При этом Наркас Искандарова и четверо молодых актеров сделали очень хороший спектакль: легкий, смешной и актерски безупречный. А все дело в том (быть может, в этом же и причина популярности Пряжко), что эта пьеса, сама по себе незатейливая, оказалась прекрасным поводом для театральной игры, чистого комедиантства, отчасти пародирующего жизнь реальную. Пьеса позволила режиссеру и актерам придумать человеческие «типы» и выстроить между ними забавные отношения: в саду работают жеманный Валера (Александр Алешкин), реальный пацан Егор (Данила Якушев), постоянно «тупящая» Люба (Анастасия Безбородова) и средненькая Ира (Алсу Юсупова). Опять же пьеса позволяет импровизировать, иногда даже грешить «отсебятиной» без всякого вреда для оригинального текста. И главное, что здесь на первый план выходит именно театр, который сочиняется буквально из ничего (на сцене только ящики и бутафорские яблоки), но занимает и увлекает именно актерской игрой, ведущейся с явным удовольствием. Можно спросить, конечно: по поводу чего? А попробуйте задать этот вопрос клоунам в цирке и человеку, который пишет для них репризы. Вряд ли получите внятный ответ, но зрительское впечатление от этого не пострадает.
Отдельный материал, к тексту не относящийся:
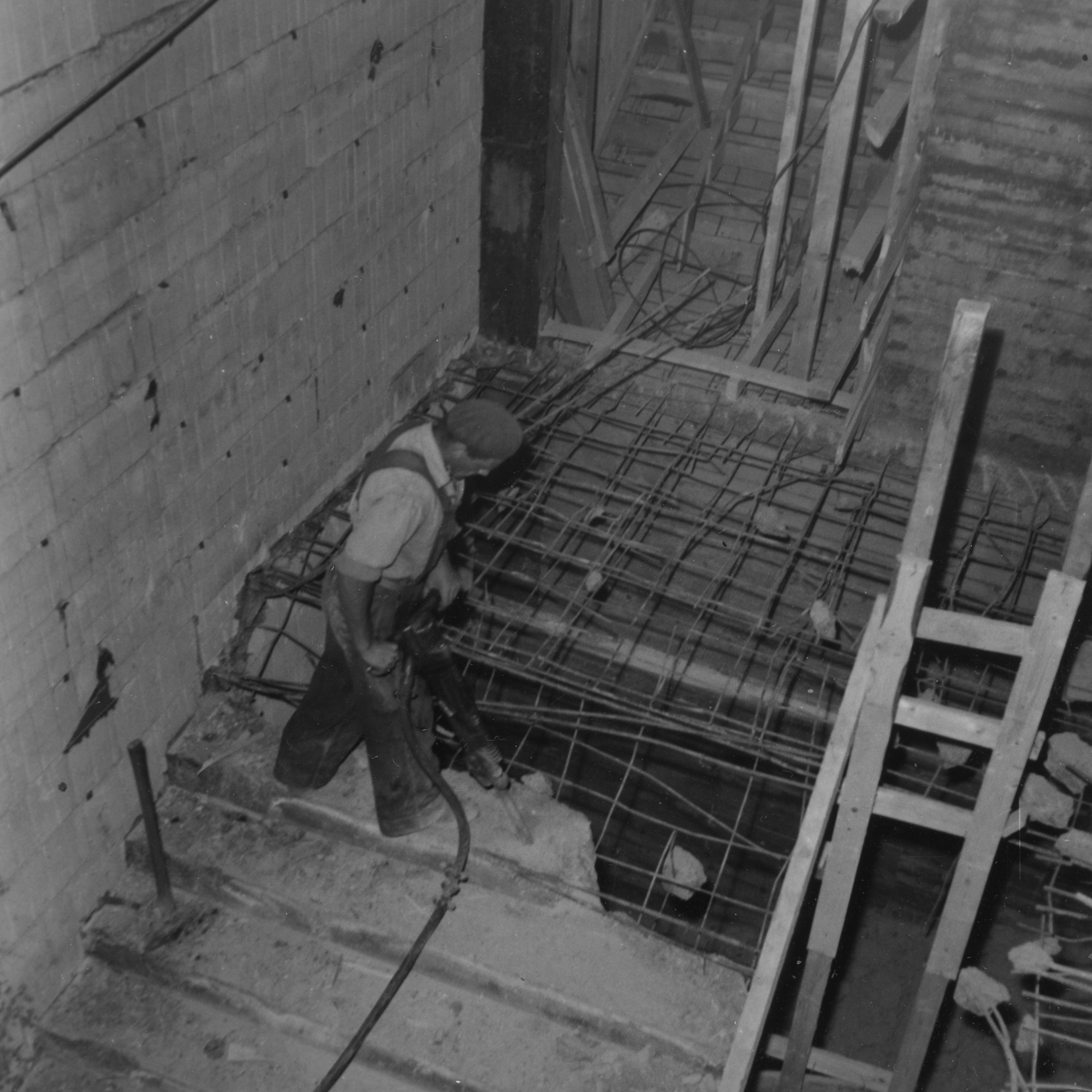 Nya Länsmuseet i Jönköping under uppbyggnad. Ändring av huvudtrappans övre lopp.
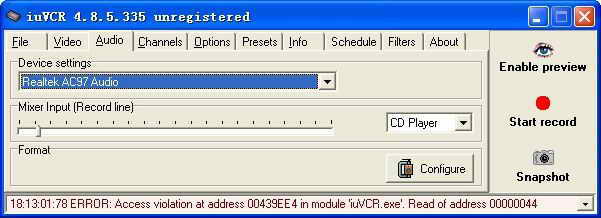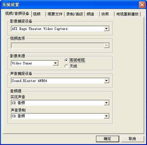 这里以我用的All-In-Woder 128 Pro为例为大家讲解iuVCR的使用方法(其他同类产品用法相同)。运行iuVCR,首先要对该软件进行设置,“Video”中,在“Divice settings”下点选“Cofigure”,将属性选择为中国电视所对应的PAL_D制式,然后保存。“Audio”项中,“Mixe Input”下选择“CD Player”(图5)。“Audio”项的Configure中是对声卡和音质的设置,可由大家随意选择,不过如果要考虑录像,建议还是选择MPEG Laery-3格式。同时,在“Options”中的“Synchronization”里,将除“Short audio samples”之外的项全部选上。
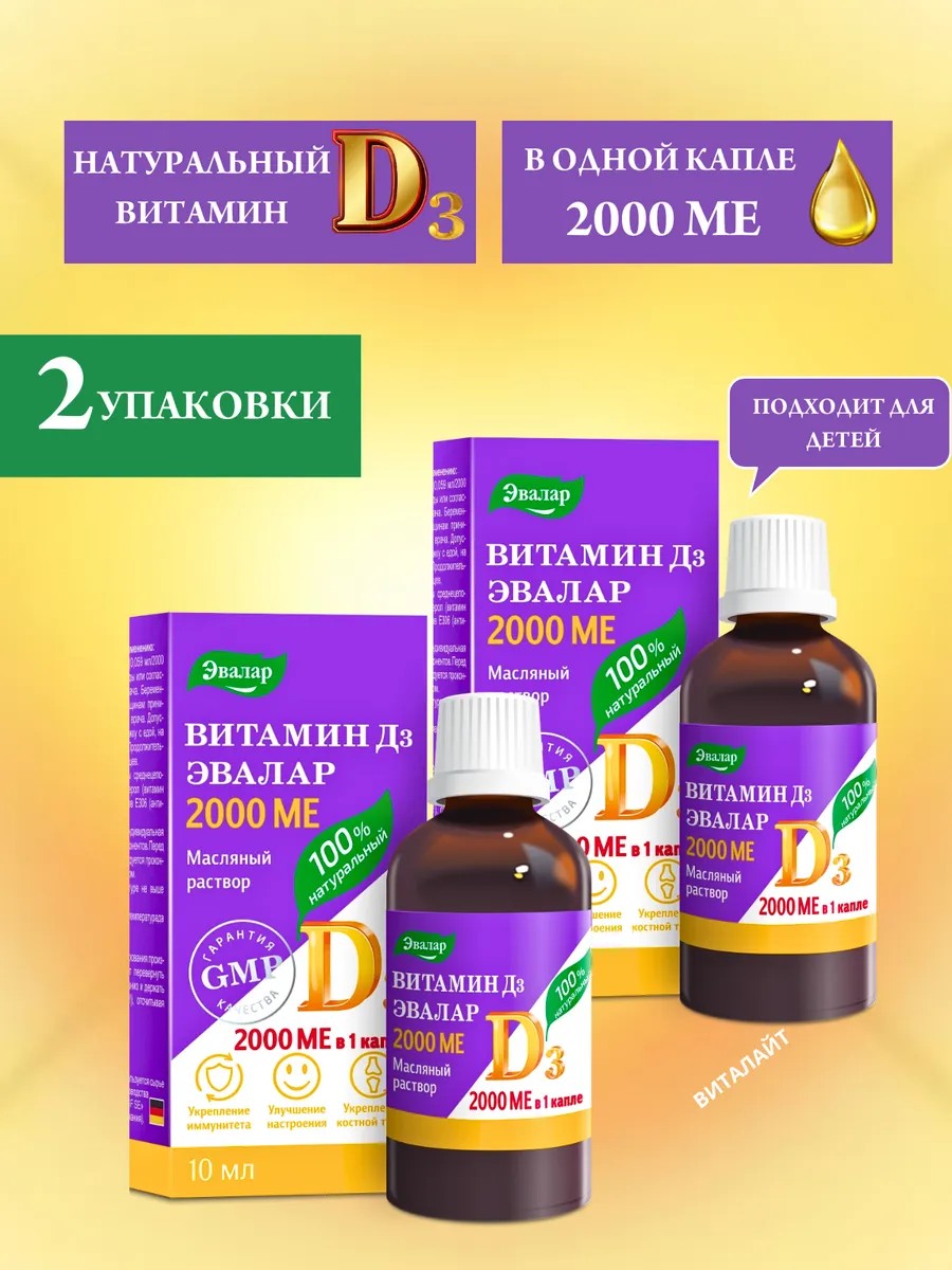 Витамин Д3 2000 МЕ капли от «Эвалар» - это дополнительный источник витамина D3.

Другое дело, что подобный спектакль тоже нуждается в своей публике. И он ее, конечно, найдет, преимущественно в среде тех, кому от 15 до 20. Тем же, кто постарше, это будет уже вряд ли интересно — захочется не зеркала, а того самого увеличительного стекла, о котором говорил классик. Впрочем, всему свое время. Новый же драматический в этих премьерах явно отразил две стороны одной театральной медали. Это уж зритель выберет, какая ему интереснее. Хотя сценическая истина может оказаться как раз посередине, на том самом узком ободке, где сходятся и смысл, и занимательность зрелища.